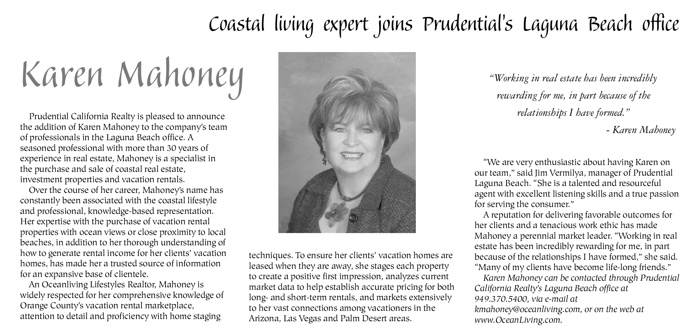 “We are very enthusiastic about having Karen on our team,” said Jim Vermilya, manager of Prudential Laguna Beach. “She is a talented and resourceful agent with excellent listening skills and a true passion for serving the consumer.”
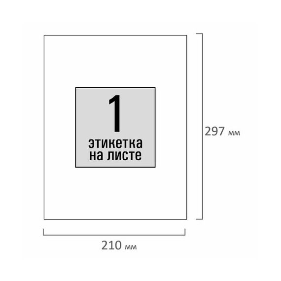 Изготовлены из самоклеящейся матовой бумаги плотностью 80 г/м2. Надежно приклеиваются к поверхности любой формы и материала. Картонная упаковка содержит 50 листов формата А4, на каждом листе – одна этикетка размером 210х297 мм.
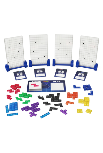 Play Tetris in real life and go head-to-head against your friends in this competitive family game of dropping, blocking and scoring. Just like in the classic digital game, compete to complete lines by rotating and dropping Tetriminos into your grid. But there's a twist: gain the power to drop "garbage" pieces into an opponent's grid, blocking their path to victory. Bring the fun of the classic digital game to the tabletop & experience the fun of Tetris in real life with this multiplayer strategy game of rotating, dropping & line making. Drop a Tetrimino on a black Garbage Drop Icon in your grid to gain the power to add a piece to an opponent's grid to block their line & their path to victory. Tetris fans of all ages will have a blast dropping the semi-translucent pieces straight from the video game while having fun strategizing & problem solving. For 2-4 players, ages 8 & up.
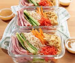 Bien égoutter les pâtes (somen). Les répartir dans 4 plats individuels ou assiettes………………. Recouvrir les pâtes de jambon + tomates + concombre + champignons + crevettes.…….
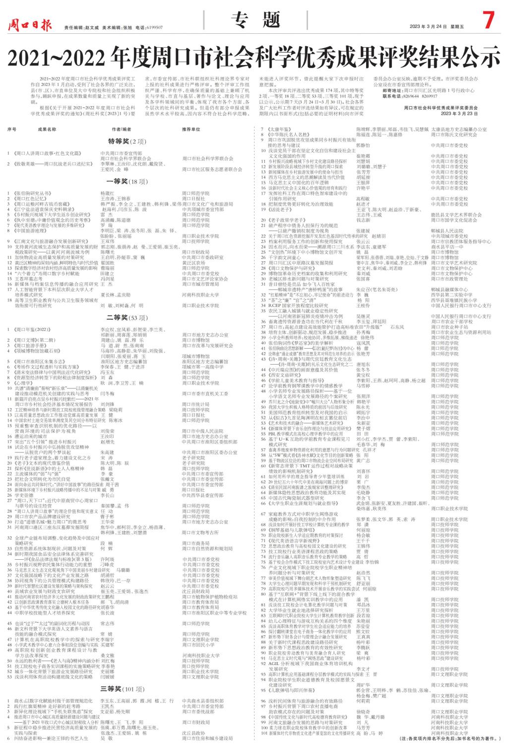 2021-2022年度周口市社会科学优秀成果奖在周口日报专栏中已公示,yl6809永利共有6项成果获奖,其中一等奖1项、二等奖1项、三等奖4项。
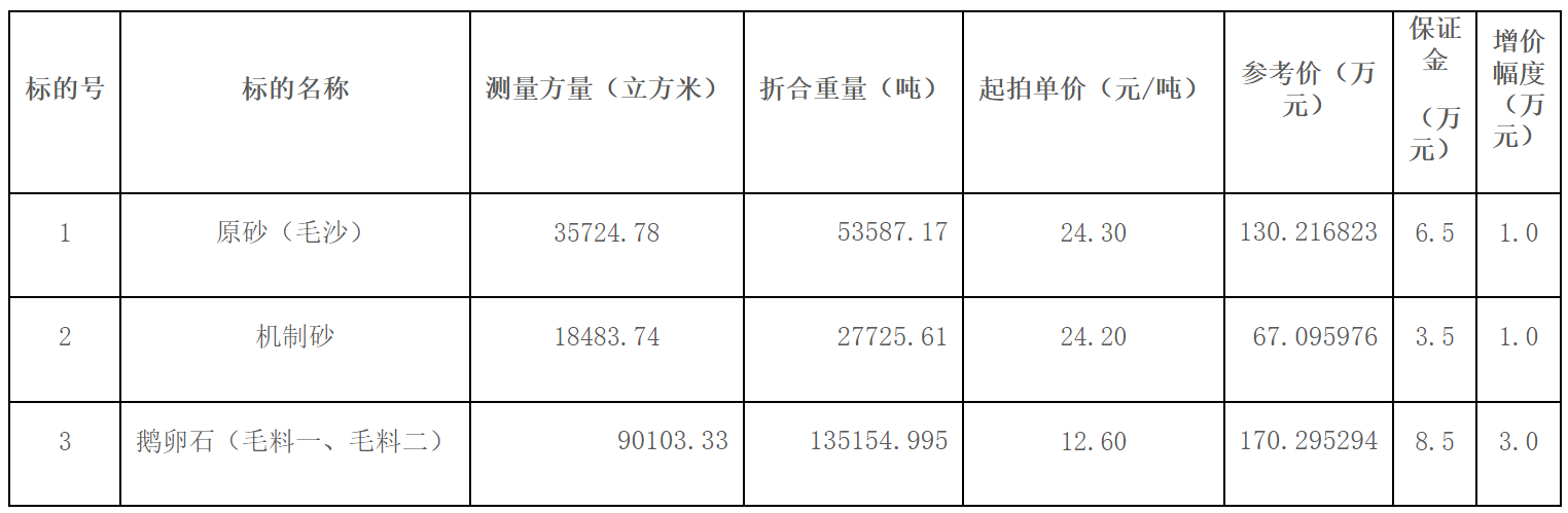 測量方量35724.78立方米(折合重量53587.17噸),起拍單價24.3元/噸,參考價130.216823萬元。

──────────────────────────────

## Try it
Exactly the lines from the one containing "2021-2022年度周口市" to the final line of the entries are wanted; please write them out, both ends included, but not the pictures.

## Final answer
 2021-2022年度周口市社会科学优秀成果奖在周口日报专栏中已公示,yl6809永利共有6项成果获奖,其中一等奖1项、二等奖1项、三等奖4项。
 測量方量35724.78立方米(折合重量53587.17噸),起拍單價24.3元/噸,參考價130.216823萬元。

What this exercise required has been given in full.